I will only address the HKDF part.

HKDF was introduced in the following paper: https://eprint.iacr.org/2010/264.pdf

In this context, HMAC is used for two somewhat distinct purposes: 1) randomness extraction and 2) variable (input/output) length PRF.

The key-swap happens for randomness extraction. The situation here is that we are given a keying material $IKM$ that is not (pseudo)uniform random and want to create a key $PRK$ that is pseudorandom (i.e., computationally indistinguishable from random).

As you noted, HMAC is also shown to be a PRF. However, we cannot rely on PRF security to argue the security of $PRK$. But the paper argues that this use of HMAC is suitable for providing a computation randomness extractor (see section 6).

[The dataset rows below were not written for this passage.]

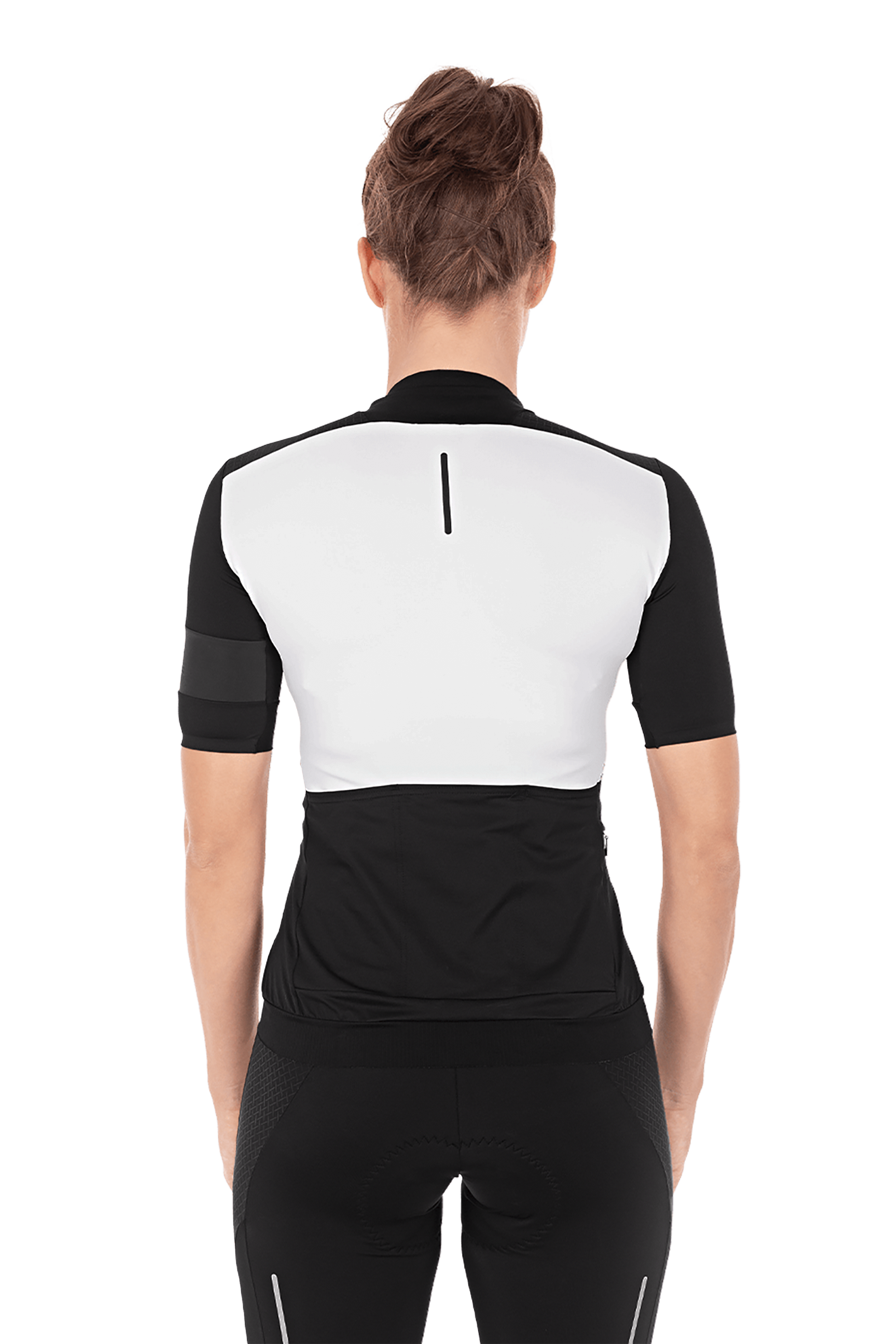 Our women-specific short-sleeve jersey in the team design is constructed from hard-wearing, quick-drying technical fabric that fits perfectly thanks to the athletic cut. As you'd expect of all our premium products, we paid careful attention to the details that ambitious bikers look for – and included stretchy silicone print on the seam, a small, waterproof zip rear pocket to keep your valuables stowed away safely, and reflective print for improved passive safety.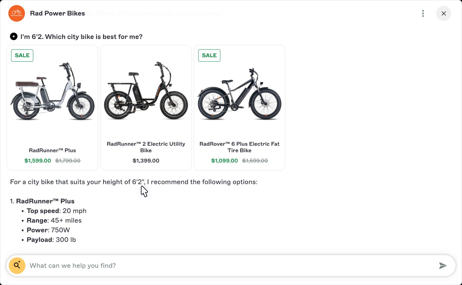 Here's an example from Rad Power Bikes if you ask the sales assistant to recommend a bike for a height of 6'2 ⤵️
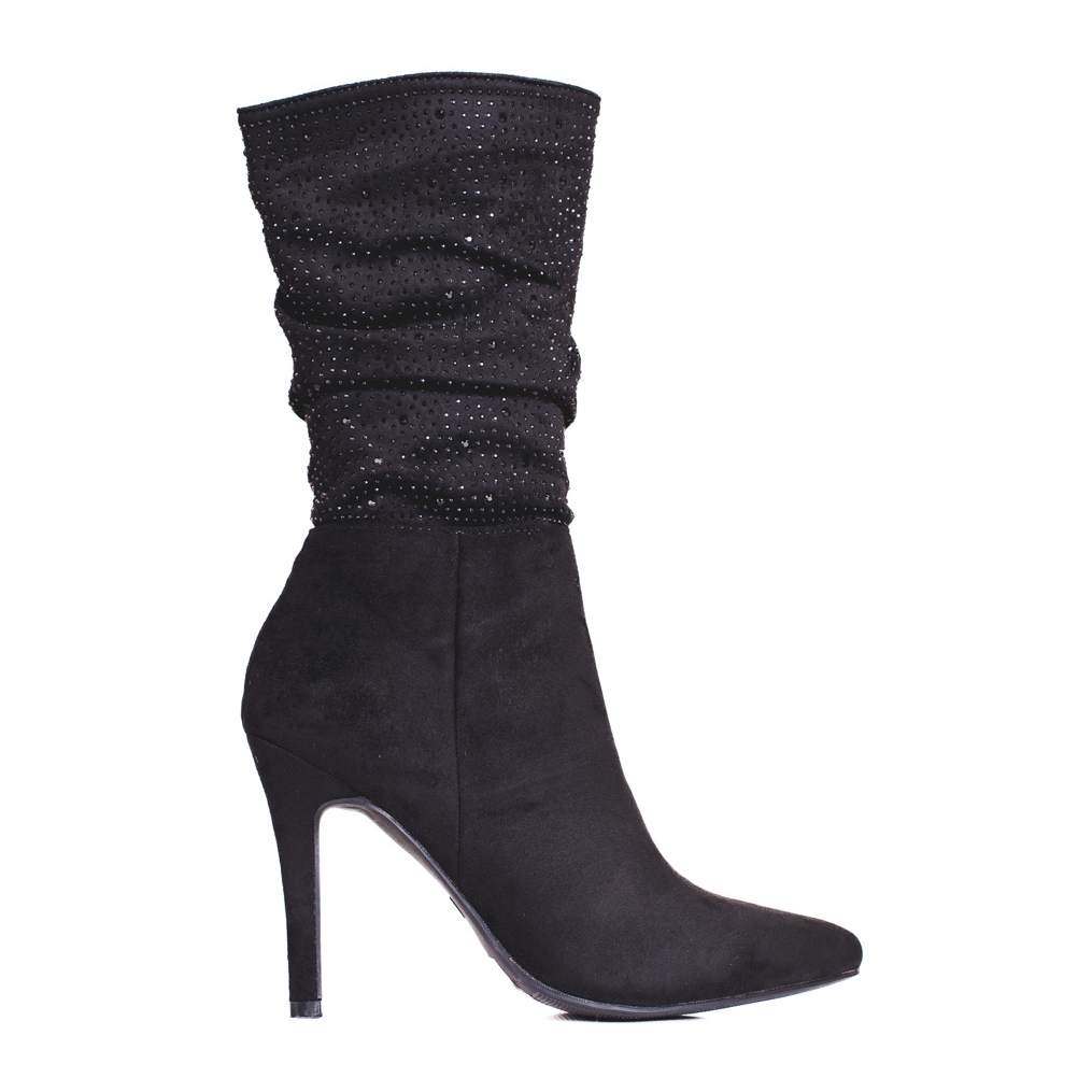 Die Stiefel haben einen hohen Absatz in Form eines 10 cm hohen Stilettos, der für Eleganz sorgt und die Beine optisch verlängert. Eine runde Spitze und ein integrierter Absatz mit Versteifung sorgen dafür, dass die Schuhe gut am Bein anliegen, und zusätzliche Verzierungen in Form von Zirkonen und Strasssteinen verleihen ihnen einen einzigartigen Charakter.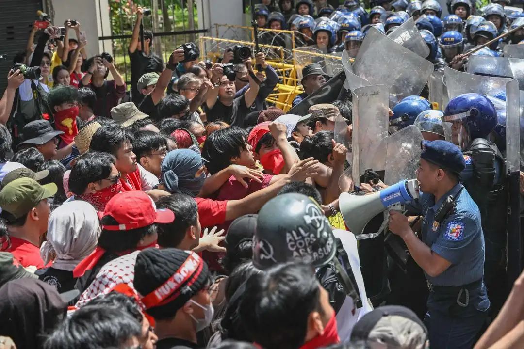 Las imágenes de represión, como cargas policiales o el uso de paraguas como escudos, contrastan con las pancartas con consignas que reivindican la lucha obrera.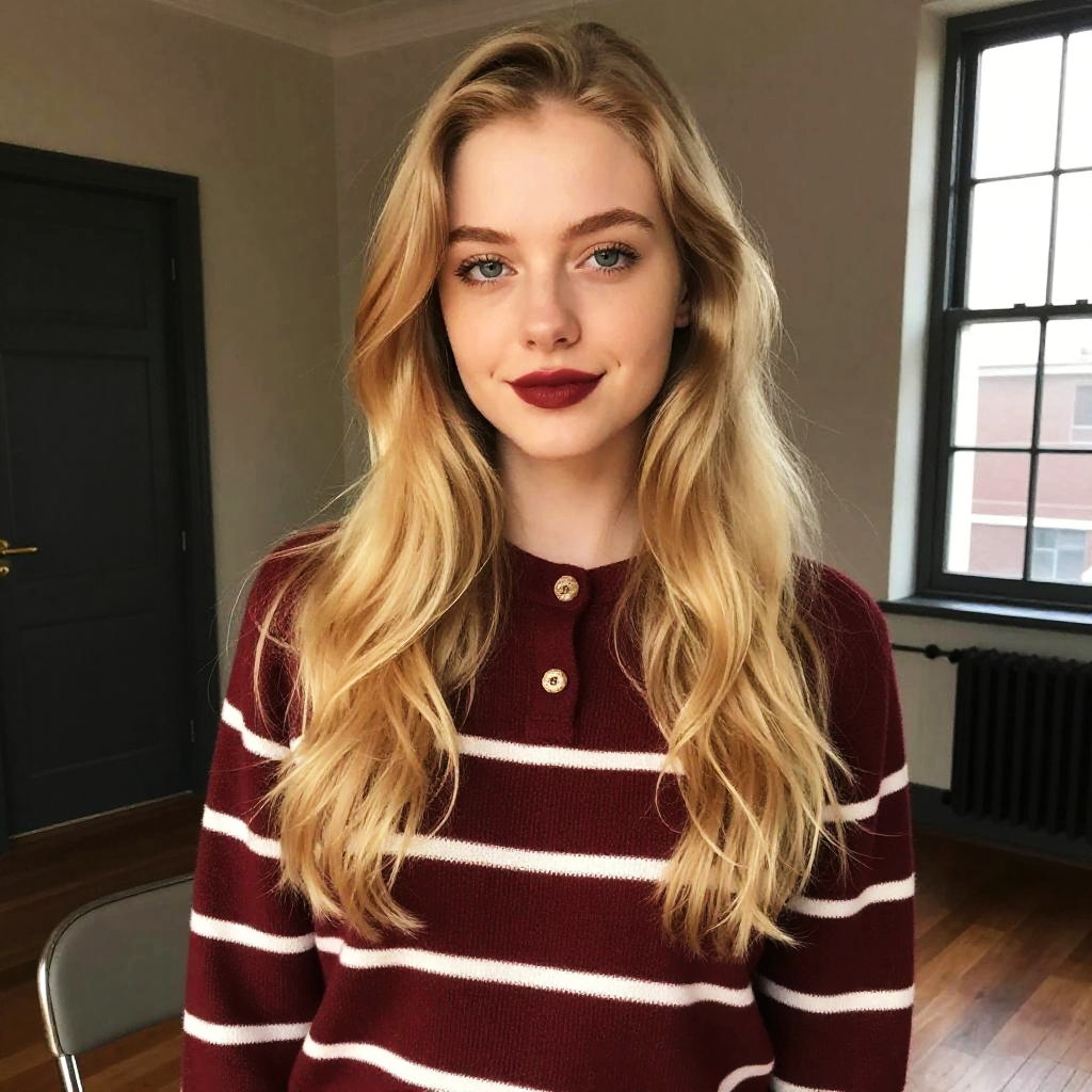 A young woman with long blonde hair and striking blue eyes is seated indoors, wearing a maroon sweater with white horizontal stripes and gold buttons. The natural light from a large window illuminates her face, highlighting her confident expression and subtle makeup featuring deep red lipstick.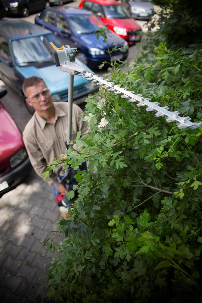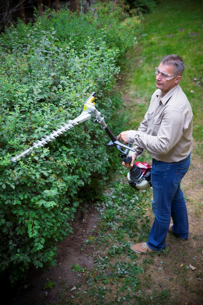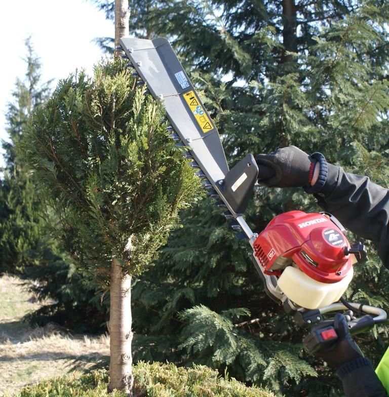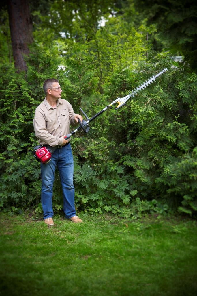 „Najbardziej uniwersalnym narzędziem do przycinania żywopłotów są nożyce, krótkie i długie, Honda Versatool czyli nożyce łączone z jednostką napędową UMC 435 E, które mogą być zastąpione innym narzędziem jak glebogryzarka, wykaszarka czy podkrzesywarka, zależnie od prac, które planujemy wykonywać w ogrodzie.” – wyjaśnia Mariusz Czarnocki. „Jest to narzędzie lekkie i bardzo dobrze wyważone, co zapewnia wygodne manewrowanie ostrzami w płaszczyźnie poziomej i pionowej, nie powodując zmęczenia. Dwustronne ostrze usprawnia pracę i zwiększa jej efektywność, ponieważ ostrza tną pędy za każdym ruchem ręki w górę, na dół czy na boki. Dodatkowym ułatwieniem jest regulacja kąta pracy, która umożliwia dostosowanie ostrzy do warunków i precyzyjne przycinanie roślin. Ich zasięg można znacząco zwiększyć dołączając przedłużki o długości 50 lub 100 cm.”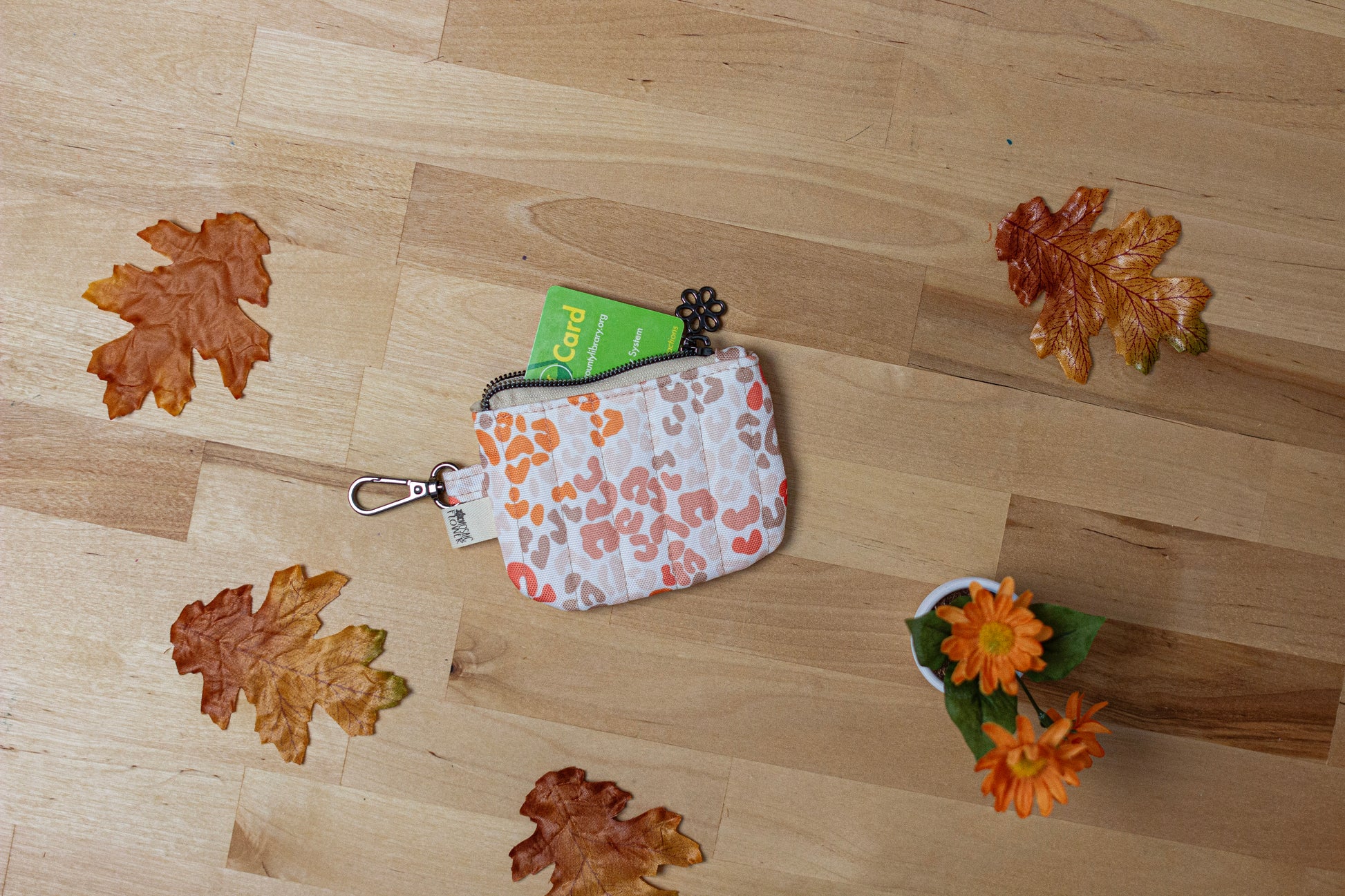 Perfect for your cards or change to clip to your bag, keys or wristlet fob. Attaches with a swivel clasp.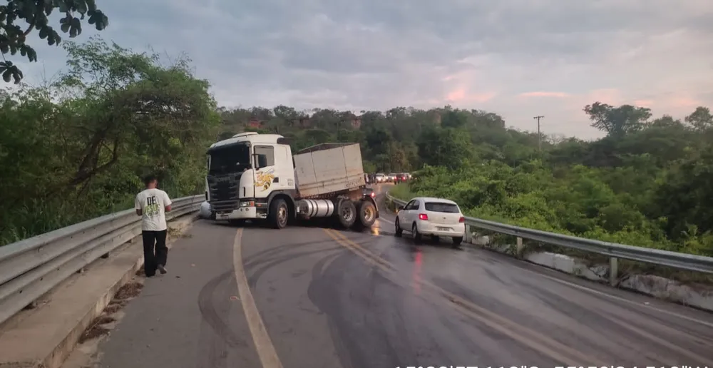 Caminhão tomba próximo ao Portão do Inferno e bloqueia estrada de Chapada dos Guimarães
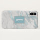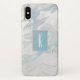 Elegant iPhone X case done in a white, grey and turquoise foil looking marbled pattern. A grey and turquoise square text area, in the middle of the case, has a single white letter monogram. Personalise the one letter monogram, for yourself or as a great gift idea.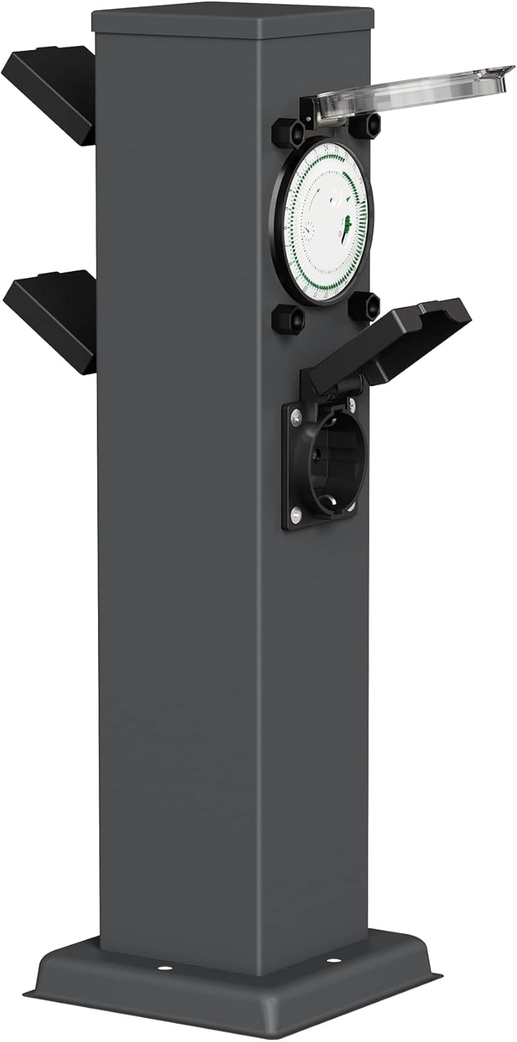 • [Integrierte Zeitschaltuhr] - Die Gartensteckdosensäule POLLY kann sowohl manuell als auch automatisch über die integrierte Zeitschaltuhr gesteuert werden. Die Zeitschaltuhr ist mit allen 3 Steckdosen verbunden und ermöglicht eine komfortable An- und

Speaking of PRFs, an interesting thing to note is that some security proofs, like TLS, actually rely on the so-called PRF-ODH assumption(https://eprint.iacr.org/2017/517.pdf). When applied to the use of HKDF in TLS: recall that the two parties exchange DH shares $(g^x, g^y)$; the (on variant of the) assumption roughly says that: the function $F(K, X) = HMAC (X, K) $ is a PRF under the assumption that the underlying compression function is a random oracle; even if the attacker was given access to an oracle $\mathcal{O}(T,v) = F (T^x, v) $. (Omitted here: restrictions on values of $(T,x)$ and the maximal number of queries).

Note here that the function $F$ above has keyspace $\langle G \rangle$, the group used for the DH exchange. So we are dealing with a uniform random key on the keyspace in the context of PRF-ODH.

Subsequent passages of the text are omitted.